Generally speaking, the research on single-frame point cloud geometric compression is relatively mature, but there are two challenges that remain yet. Spatial correlation has not been utilized effectively, and most methods do not code the correlation of point cloud data thoroughly and efficiently.Besides, the calculation of the probability model for entropy coding appears long and arduous due to the massive number of contexts.
2.2 Multi-Frame Point Cloud Compression
Multi-frame point clouds are commonly used in scenarios such as real-time 3D immersive telepresence, interactive VR,3D free viewpoint broadcasting and automatic driving. Unlike single-frame point cloud compression, multi-frame point cloud compression prioritizes the use of time correlation, as well as motion estimation and compensation. The existing methods for multi-frame point cloud compression can be divided into two categories: 2D projection and 3D decorrelation.
The field of image and video compression is extensive and has been well-explored over the past few decades. Various algorithms convert point clouds into images and then compress them straightforwardly by FFmpeg and H.265 encoders, etc.AINALA et al[24]introduce a planar projection approximate encoding mode that encodes both geometry and color attributes through raster scanning on the plane. However, this method causes changes in the target shape during the mapping process, making accurate inter-prediction difficult. Therefore,SCHWARZ et al.[25]and SEVOM et al.[26]suggest rotated planar projection, cube projection, and patch-based projection methods to convert point clouds into 2D videos, respectively.By placing similar projections in adjacent frames at the same location in adjacent images, the video compressor can fully remove temporal correlation. In Ref. [27], inter-geometry prediction is conducted via TSP, which computes the one-to-one correspondence of adjacent intra-blocks by searching for the block with the closest average value. MPEG released the video-based point cloud compression (V-PCC) technology for dynamic point clouds in 2019[28]. This framework divides the input point cloud into small blocks with similar normal vectors and continuous space, then converts them to the planar surface through cubes to record the occupancy image and auxiliary information. All resulting images are compressed by mature video codecs, and all bitstreams are assembled into a single output file. Other attempts have been made to improve the effectiveness of these methods. COSTA et al.[29]exploit several new patch packaging strategies from the perspective of optimization for the packaging algorithm, data packaging links,related sorting, and positioning indicators. Furthermore,PARK et al.[30]design a data-adaptive packing method that adaptively groups adjacent frames into the same group according to the structural similarity without affecting the performance of the V-PCC stream.
Due to the inevitable information loss caused by point cloud projection, scholars have developed effective techniques to compress the point cloud sequence of consecutive frames using motion compensation technology based on 3D space.KAMMERL et al.[31]propose an octree-based geometric encoding method, which achieves high compression efficiency by performing the exclusive OR (XOR) differences between adjacent frames. This method has been not only adopted in the popular Point Cloud Library (PCL)[32]but also widely used for further algorithm research. Other interframe approaches convert the 3D motion estimation problem into a feature matching problem[33]or use reconstructed geometric information[34]to predict motion vectors and identify the corresponding relationship between adjacent frames accurately. Recent explosive studies[35-36]have shown that the learned video compression offers better rate-distortion performance over traditional ones,bringing significant reference significance to point cloud compression.
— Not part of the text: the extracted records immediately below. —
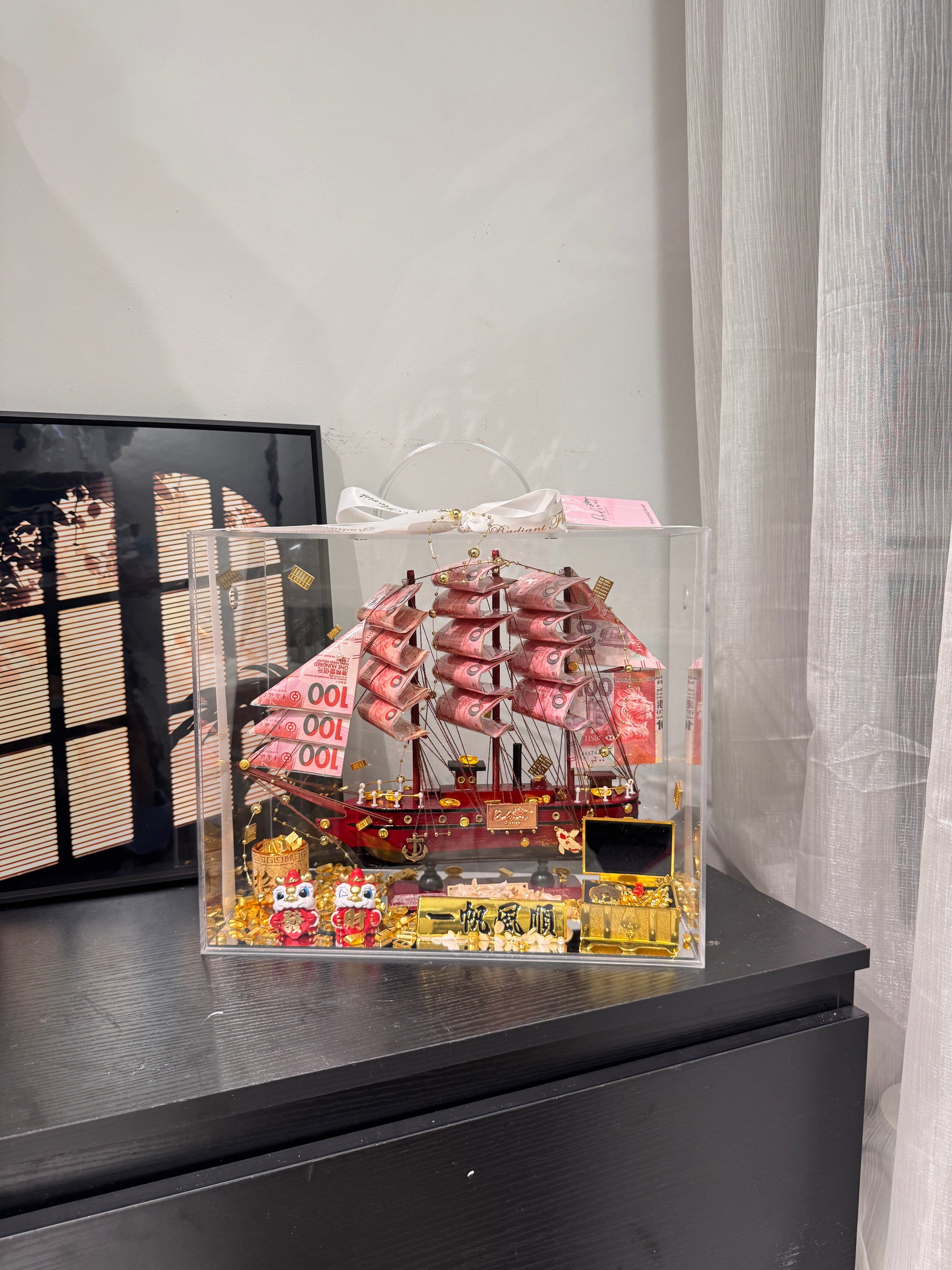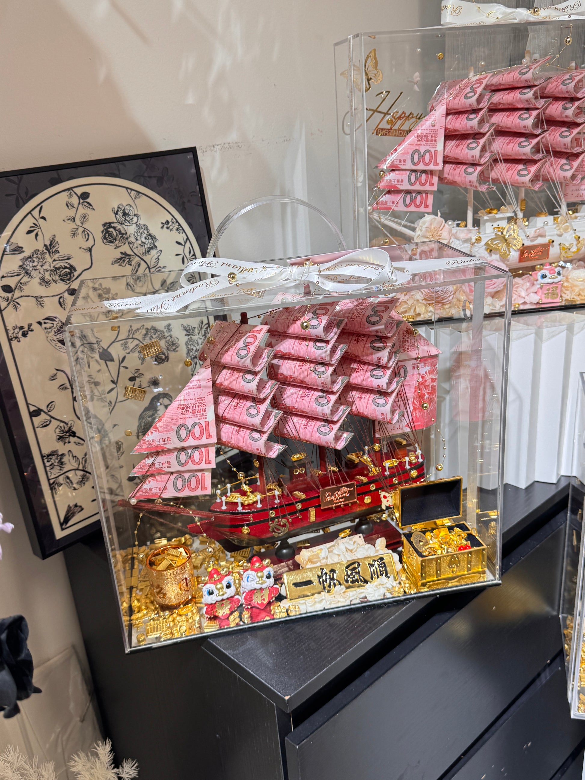普通款🎁 帆船永生花鈔票禮盒|紅色船體&一帆風順牌
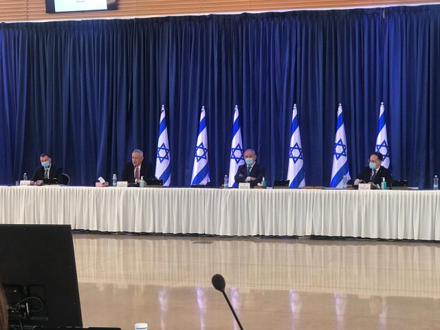 גנץ מדבר בישיבת הממשלה. נתניהו לא כל כך שמח (עטרה גרמן, סרוגים)
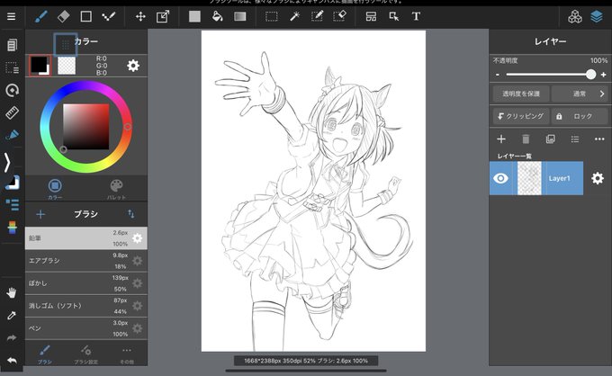 お絵描きタイム〜 ちょいペン入れとちょい色入れしたっ サイレンススズカに続きイイ感じに描けそうだ(๑•̀ •́)و✧ 明日も仕事だし今日はここまでにしよ〜

ZHAO et al.[37]introduce a bi-directional inter-frame prediction network to perform inter-frame prediction and bring effective utilization of relevant information in spatial and temporal dimensions. KAYA et al.[38]design a new paradigm for encoding geometric features of dense point cloud sequences,optimizing the CNN for estimating the encoding distribution to realize lossless compression of dense point clouds.
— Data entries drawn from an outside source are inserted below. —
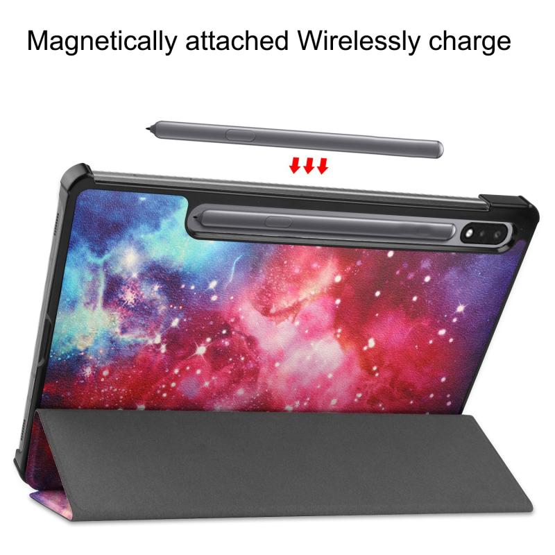 For Samsung Galaxy Tab S9 Custer Painted 3-Fold Holder Smart Leather Tablet Case(Milky Way Nebula)
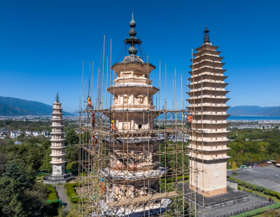 2月1日,游人在福州国家森林公园里赏樱(无人机照片)。
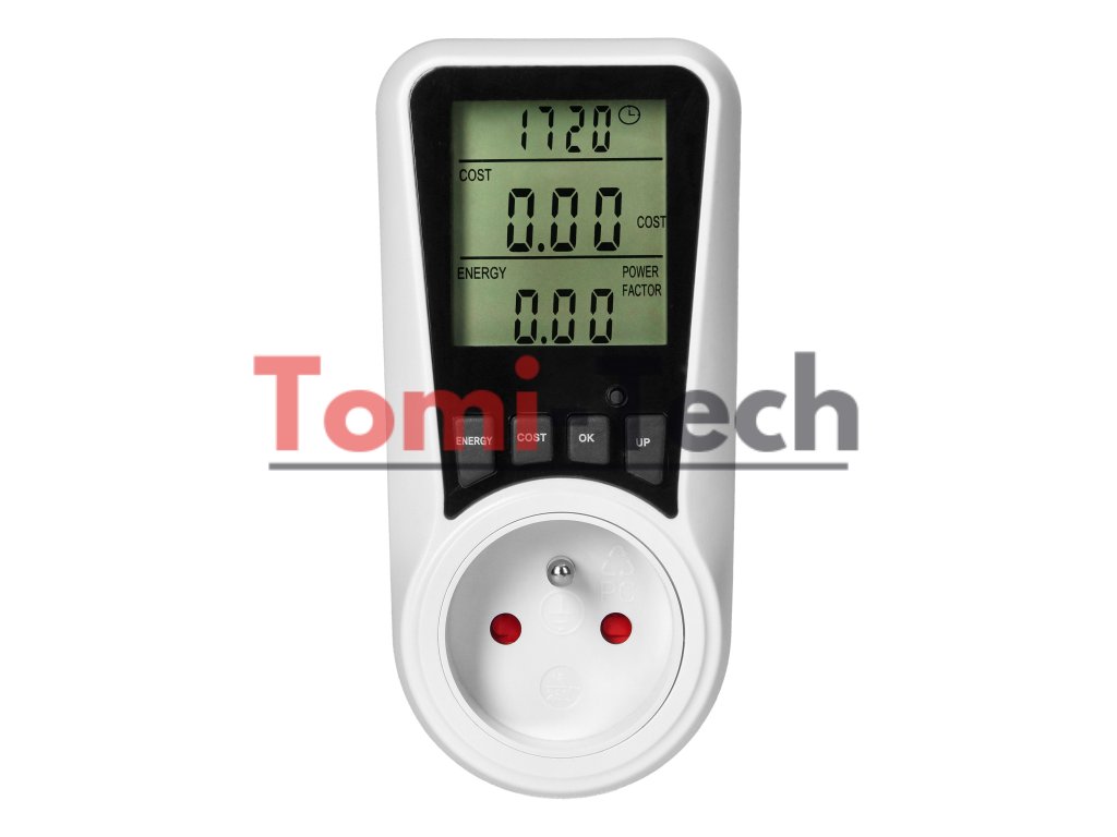 Dvojtarifný wattmeter, kalkulačka energie s LCD displejom, 2 samostatné tarify, interná batéria, 16A 230V

Despite progress in the compression coding technology of multi-frame point cloud models, two problems persist. The existing multi-frame point cloud compression approaches mainly rely on video coding and motion compensation, which inevitably involves information loss or distortion caused by mapping and block edge discontinuity. In addition, predictive coding exhibits low applicability due to the inconsistency of inter-frame point cloud geometry. The apparent offset of points between frames and the unavoidable noise increases the difficulty of effectively using predictive coding in inter-frame compression.
3 Proposed Spatio-Temporal Context-Guided Lossless Geometry Point Cloud Compression Method
3.1 Overview
The overall pipeline of our spatio-temporal context-guided algorithm is shown in Fig. 1. First, we preprocess the input point cloud by applying voxelization and scale transformation.Then, the point cloud is divided into unit thickness sliced layers along the main axis. Next, we design a prediction mode that makes full use of the temporal and spatial correlation information within both intra-frame and inter-frame. We calculate the shortest path of points of reference layers (R-layers)via travelling salesman algorithms, and the results of the Rlayers are then used to predict spatio-temporally and encode the rest of the point clouds, namely predicted layers (Players). Finally, the improved entropy coding algorithms are adopted to obtain the compressed binary file.
▲Figure 1. Proposed framework for spatio-temporal context-guided lossless point cloud geometry compression
3.2 Image Sliced-Based Hierarchical Division
1) Pre-processing
The pre-processing module includes voxelization and scale transformation, for better indexing of each certain point. In voxelization, we divide the space into cubes of sizeN, which corresponds to the actual resolution of the point cloud. Each point is assigned a unique voxel based on its position. A voxel is recorded as 1; if it is positively occupied, it is 0 otherwise.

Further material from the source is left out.